The thriving of low-income Black workers in Baltimore and beyond is critical for equitable access to housing, food, education, health, recreation, transportation. When someone who works for a living, is still unable to afford adequate food, shelter, clothing and medicine, we remain an inequitable society.

When those workers congregate into the same racial/ethnic group, we have systematic racism: racism which is not only individualized but embedded deep within the policies and infrastructures of our society.

A Black Worker Center can be a base of organizing to address this inequity for Black people in Baltimore.

The ability to work is the first step toward equity. This means that a person has the physical and mental wellness to support them finding employment.

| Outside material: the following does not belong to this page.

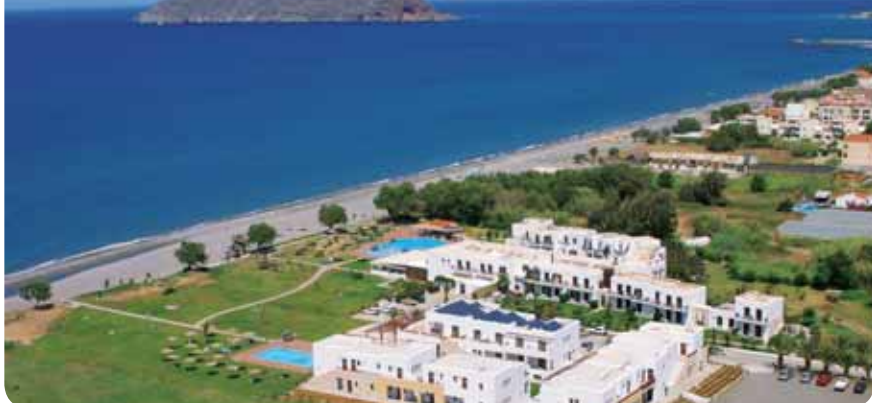
HOTEL GERANIOTIS BEACH

The second step is being qualified to work: has the person had the necessary training to compete in the marketplace for a position?

The third step is the availability of work.

The fourth step is that the place of employment supports the worker so they can stay in the position and thrive.

This fourth step brings us back full circle to the first: a thriving person has the ability to work. It’s a cycle that continues and that either allows a healthy and holistic body and mind to thrive, or not: on a cellular, organ, individual, and community level.

Black Worker Centers are growing in numbers across the US with, Baltimore launching its center on Martin Luther King Day, January 2017.

Baltimore Black Worker Center  (BBWC) is committed to building a Black worker base, through workers and allies, to address the conditions of workers and to organize to change unfair policies and introduce new policies which support equitable treatment and healthy living, working, and learning conditions for Black workers. Low-wage and unemployed Black workers are some of the most vulnerable communities in our city. If our most vulnerable populations thrive, all of Baltimore will thrive.